Effectiveness comparison between single- and multi-loci markers
Genetic diversity of 27 wild E. sibiricus accessions was evaluated by 30 markers developed in this study and other 30 ones reported before. We found that the expected single-locus SSRs screened by in silico analysis still exhibited multi-loci amplicons when separated by polyacrylamide gel. This may be caused by their non-conservatism of flanking sequences [9]. Finally, only 10 single-locus (ESGA-SL) markers and 20 multi-locus (ESGA-ML) markers were obtained in this study for genetic diversity analysis of 27 wild E. sibiricus accessions.
The average amplified alleles of the 10 ESGA-SL markers was 2.9, which was close to the allotetraploid species Arachis hypogaea (3.85) and Brassica napus (3.23) [9, 36]. The PIC value of the 10 ESGA-SL markers varied from 0.069 to 0.595 with an average of 0.391, that indicated its abundant polymorphism and high application value [38]. There was no significant difference of PIC detected between ESGA-SL and other three marker systems (ESGA-ML, ES and ESGS), which may be caused by the different calculation criteria between single-locus and multi-loci marker or the limited amplification loci of single-locus markers. According to the Mann Whitney test, G-SSR (ESGA and ESGS markers) was more efficient and polymorphic than EST-SSR (ES markers) in view of PIC, MI and Rp, that may be driven by the more conservative flanking sequences of EST-SSR [39, 40]. In addition, significantly (P < 0.05) higher PIC values of ESGA-ML markers vs. ESGS markers were calculated, which demonstrate the superiority of SSR markers development method by sequencing over traditional method.
The UPGMA and PCoA derived cluster analysis based on ESGA-SL markers divided the 27 wild E. sibiricus accessions into two groups, and the structure analysis based on Bayesian algorithm also revealed the same pattern. However, the other three types of multi-loci markers exhibited inferior ability than ESGA-SL marker in revealing actual genetic relationships. One should note that all the genetic diversity parameters (Na, Ne, I, He and PP) of each geo-group calculated based on ESGA-SL markers were higher than that of ESGA-ML, which suggested that the single-locus marker reveals more accurate genetic information, so it is more suitable for further genetic analysis [36]. However, slightly higher pairwise Fst values were observed among each geo-group based on ESGA-ML markers.

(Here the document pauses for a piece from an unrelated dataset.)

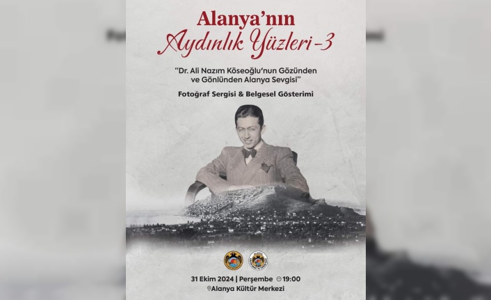 Alanya tarihinde önemli bir yer edinmiş olan Dr. Ali Nazım Köseoğlu’nun hayatını ve Alanya’ya olan sevgisini anlatan belgesel gösterimi ve fotoğraf sergisi, 31 Ekim Perşembe günü (yarın) katılımcılarla buluşacak

Given that multi-loci SSRs possesses characteristic like multiple amplification sites in the genome location, a part of genetic information was unavoidably covered. The advantage of single-locus markers over multi-loci markers was manifested in this study, however, vast number of single-locus markers that covering the entire genome of each chromosome are needed for E. sibiricus. In this case, higher quality genome-wide sequencing and assembling for E. sibiricus are necessary.